I started this weight-loss program about the middle of March. We are now almost to the middle of May, and things are going extraordinarily well. Amazingly well. I don’t know what is so different about this attempt at weight loss, compared to all the other attempts I have made over the last 11 years, but I am not complaining.
And I am still trying to finish the A-Z Blogging Challenge, which all my organized and disciplined blogging friends finished a week ago, on time. I think I am going to concede and say this blogging challenge has beat me. Maybe I will clump X-Y-Z into one post and be done with it. It kind of seems like the loser’s way out, but what the heck.
But I digress. Back to the real subject for this post.
Here is the thing I find a bit curious – absolutely no one has noticed that I have lost 22 pounds, or about 6 inches off my stomach. Not even my family. Granted, I had a lot of weight to lose, and I am pretty tall, so a couple of pounds off of my frame isn’t going to be as noticeable as a couple of pounds off of a 5’3” person.

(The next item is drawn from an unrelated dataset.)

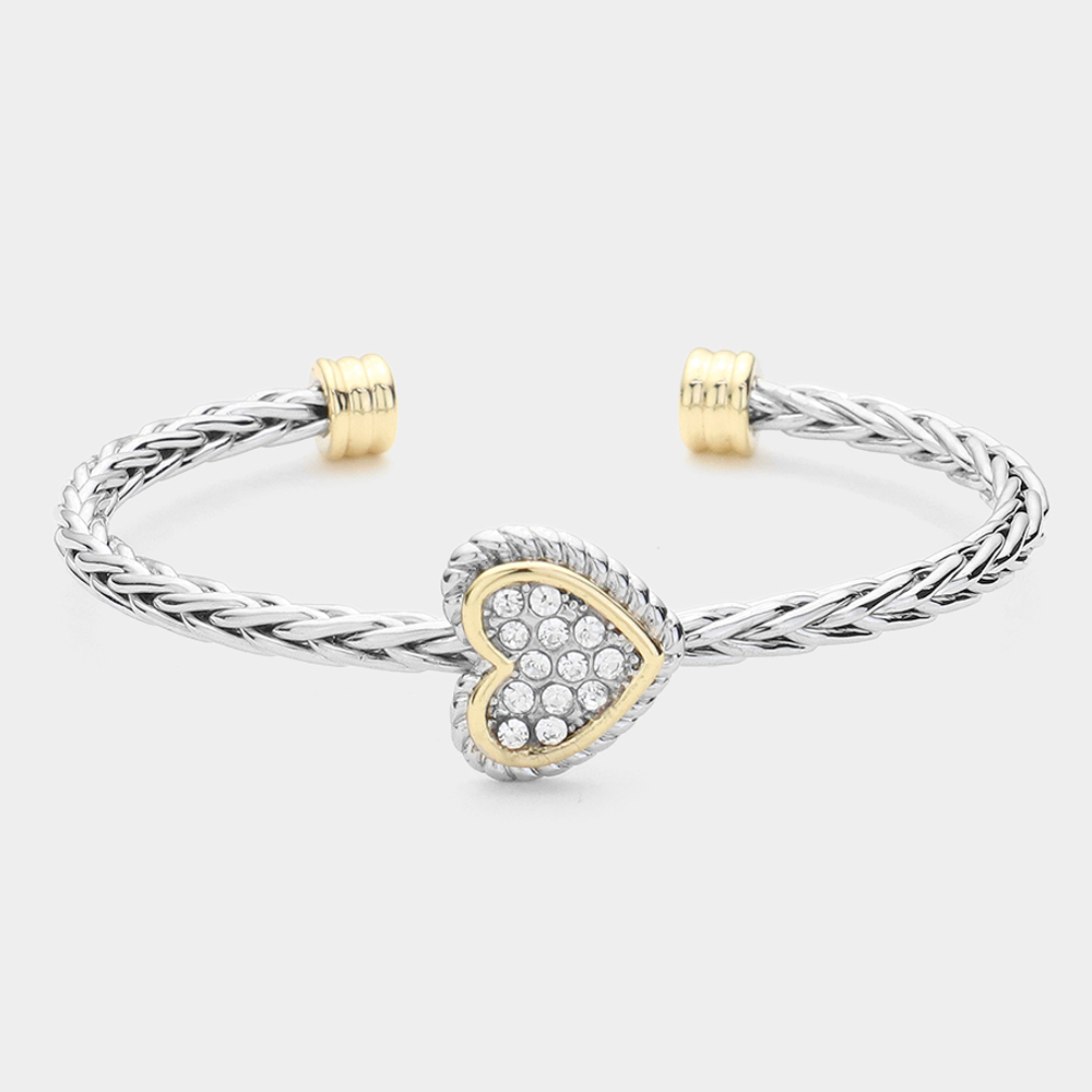 Stone Paved Heart Accented Braided Metal Cuff Bracelet
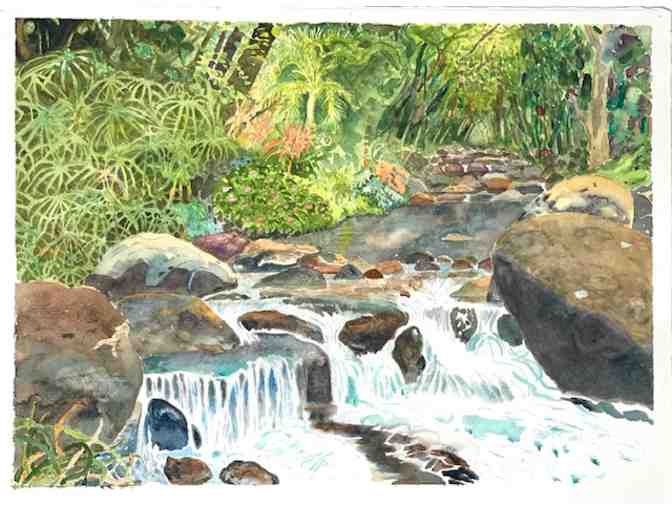 Lumahuli Stream near Taylor Camp. Original Watercolor 11"x15"

And I know I am losing weight for me, and for my health, but even so, a complement or two, would be nice positive reinforcement. And I know I shouldn’t require external reinforcement, I should be happy with what the scale says, and the way my clothes are fitting and the way I feel, but there you are. And I am not fishing for complements, but what the heck, 88 sticks of margarine even off my frame must be slightly noticeable.
My boys say I need to start weight-training, to strengthen my core, and tone everything up. I definitely have more muscle now that I have been swimming, but perhaps they are right. So, I am scheduled to meet my son at the gym, for a personal training session this week. I told him I didn’t want to spend hours and hours in the gym, like they do. I just need a quick routine that I can bang out in a short amount of time, at least 2-3 times a week. My oldest says that is doable.
I can’t find any information about why an individual’s weight-loss is not noticeable to others around them for months. All I found was forum boards, where people in the midst of a weight-loss program are asking the very same question.
Oh well, I will just keep plugging along because in reality, I am doing this for myself, and no one else. I feel the difference, it is as if I have finally dumped off a 20-pound bag of dog food after carrying it in from the car. It’s such a relief. And that, in reality, that should be all the gratification I need.
Categories: A to Z Challenge, Blogging, Healthy Living, Weight-loss Journey
Congratulations. That’s excellent.
Awesome! Maybe your clothes are too baggy and no one can see that new slim figure. Time to so down a size or two and show off those new curves.
Way to go! I’ve read before that people shouldn’t say anything about someone’s weight loss because it might come across as saying they didn’t look before. Or something like that. Maybe that’s it, people are afraid to say anything?
Could be, just like I never ask a lady if she is pregnant, or when she is due. I have had people ask me that, and I say no I’m not pregnant, I am just fat.
I lost almost fifty pounds and one of my family member’s responses was that she didn’t realize I was that big. And I had to TELL her that I lost the weight, like the rest of them, lol. Not a one notices.
Yeah, but I’m kind of used to being invisible to them anyway.